Древнегреческий язык воплощен в своих творениях, которые могут говорить о самых сложных и важных в жизни вещах: о любовных мучениях, о судьбе, от которой не уйдешь, как ни старайся, о коварстве и посмертной участи каждого из нас и еще о многом другом, о чем все труднее говорить. Греческий умеет выражать очень тонкие смыслы, запечатанные и в архитектонике целого произведения, и в отдельной фразе, и в метафоре или даже в одном, на первый взгляд совсем простом, слове, причем необязательно возвышенные смыслы – это может быть обсценная, но очень острая шутка. Раскрывать эти смыслы – увлекательное и головоломное занятие, но главное – поделиться своими находками с другими: с узким кругом – в научной статье или докладе, с широким кругом – в переводе или публичной лекции. Хочется, чтобы все увидели и услышали красоту греческой поэзии или греческой философской мысли и насладились ею. А кроме того, язык этот не умер – его жизнь продолжается в языке нынешней Греции, в ее словах и названиях.

Unsplash / Michal Matlon

Лев Луховицкий

Мне повезло изучать «древнегреческий» и «новогреческий» одновременно и при этом очень интенсивно. Обычно так не делают. Классики приступают к изучению «новогреческого» только тогда, когда полностью освоятся в «древнегреческой» грамматике, потому что одновременное изучение двух очень похожих между собой систем может свести с ума и создать ложное ощущение, что никаких правил не существует.
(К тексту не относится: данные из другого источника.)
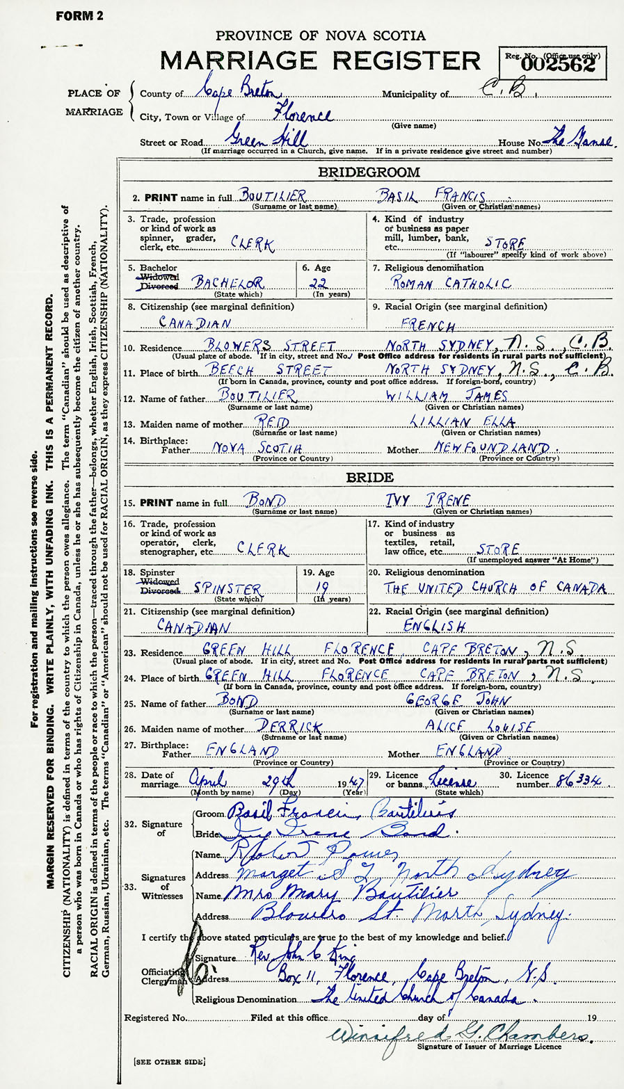 28. Date of marriage April 29 1947 29. By license or banns License 30. License number 86334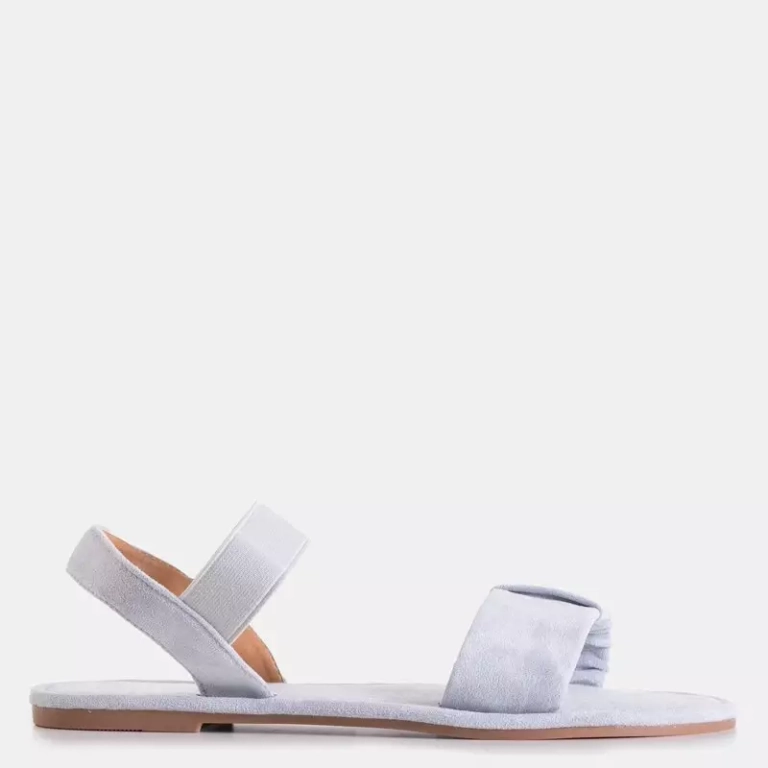 - Klassische Damensandale mit flachem Absatz, Obermaterial und Einlegesohlen aus Öko-Wildleder. Modell - Slip-on, keine Befestigung. Perfekt für Sommerkleider und Shorts! Hinweis: Das Produkt weist Kratzer auf dem Material auf.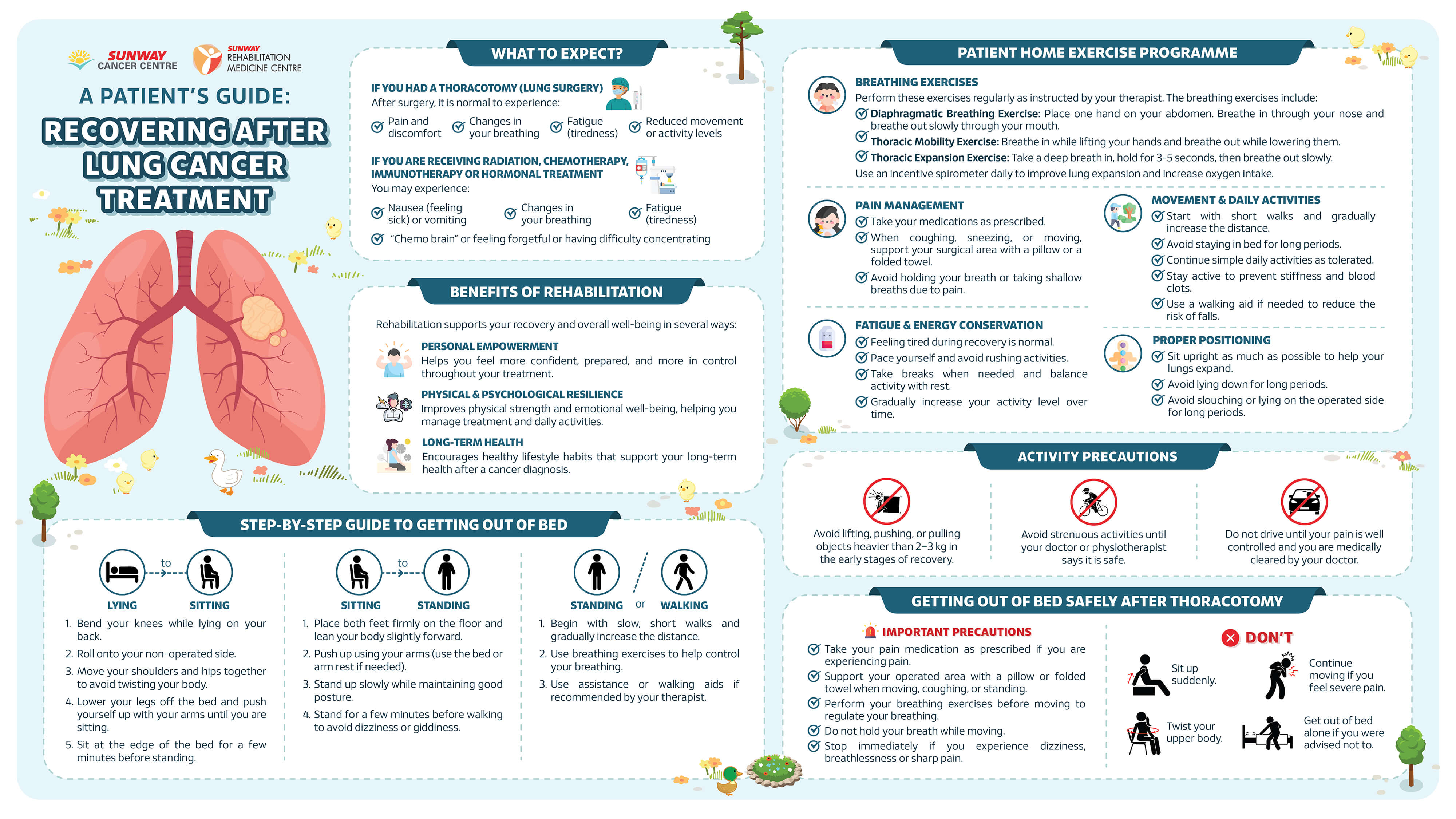 Panduan ini disediakan untuk membantu anda melalui setiap peringkat proses pemulihan. Ia merangkumi apa yang boleh dijangkakan apabila anda beralih daripada rawatan ke fasa pemulihan, cara untuk bangun dari katil dengan selamat, senaman pernafasan untuk memulihkan kekuatan dan kapasiti paru-paru secara beransur-ansur, tip praktikal untuk pemulihan di rumah, serta langkah berjaga-jaga penting yang perlu diambil sepanjang proses penyembuhan.

Почему я призываю писать слова «древнегреческий» и «новогреческий» в кавычках? Дело в том, что эти термины – не более чем условные обозначения двух произвольно выбранных точек в трехтысячелетнем языковом континууме. Они удобны нам для составления учебных планов, но видеть за ними какие-то самотождественные сущности очень опасно. «Древнегреческий» – это язык классической аттической прозы, Ксенофонта и Платона, «новогреческий» – язык ежедневной газеты Καθημερινή. От этих точек мы можем двигаться в любую сторону, обнаруживая совершенно другие «языки», например, в лирике, трагедии или эпосе. Даже Гомер (что может быть более «древнегреческим»?) студенту-второкурснику кажется собранием «неправильностей». Я до сих пор подчас ловлю себя на том, что противопоставляю (конечно, не вслух!) Гесиода или Сапфо «норме», «обычному древнегреческому» из учебника А.Ч. Козаржевского или С.И. Соболевского.
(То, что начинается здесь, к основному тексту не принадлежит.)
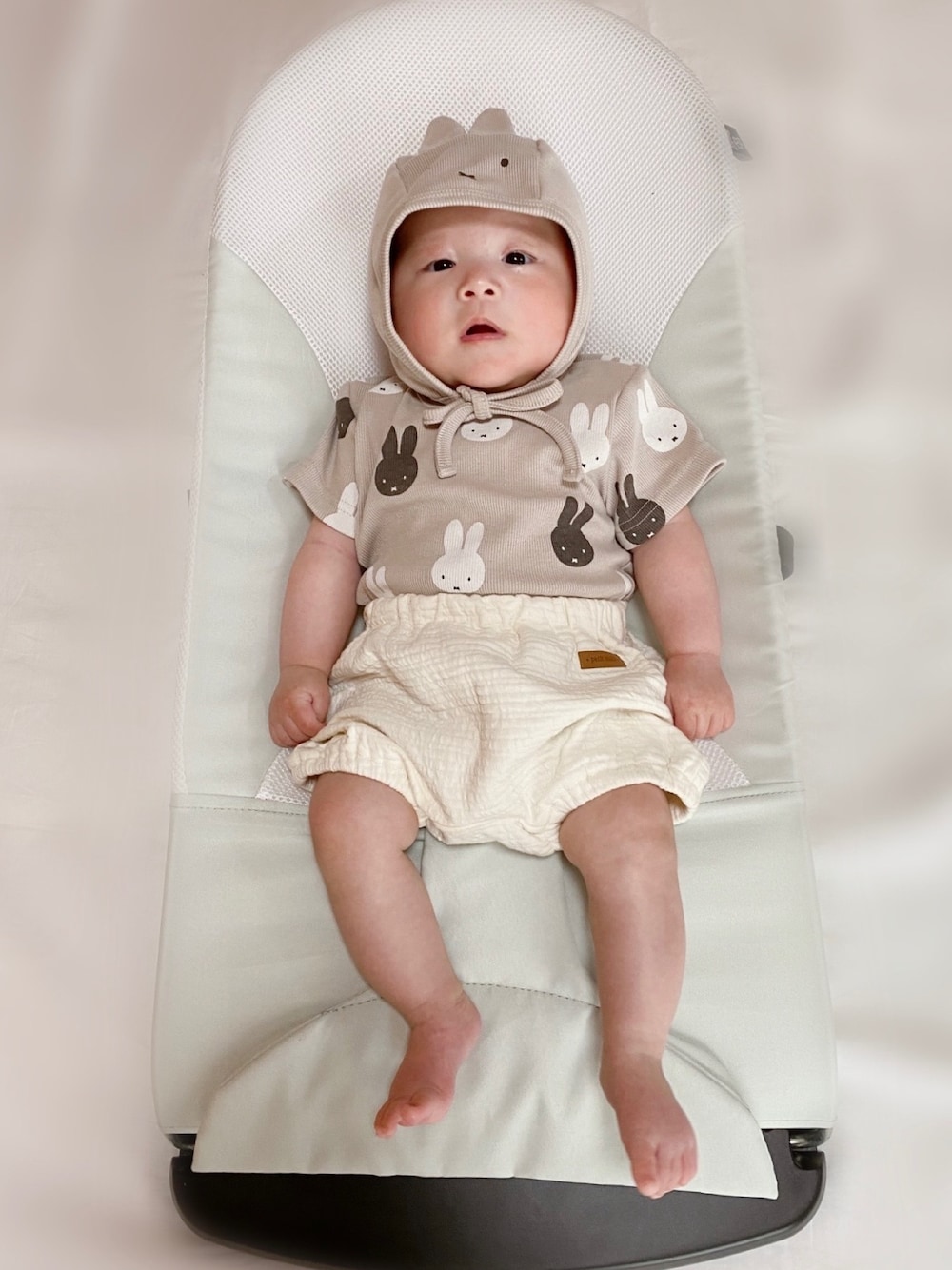 naaaのロンパース「【miffy 】 総柄半袖ロンパース×耳つき帽子セット」を使ったコーディネート

Столь же опасно говорить о «древнегреческом» как о «мертвом языке». На греческом (без уточнений – древне- или ново-) создают литературные произведения уже около 2700 лет (и это если не забираться в доалфавитный микенский период). Греческий был родным языком для миллионов современников Платона, Иисуса Христа, крестоносцев, Христофора Колумба, Вольтера и Дж. Ф. Кеннеди. Момент превращения «древнегреческого» в «новогреческий» отследить невозможно.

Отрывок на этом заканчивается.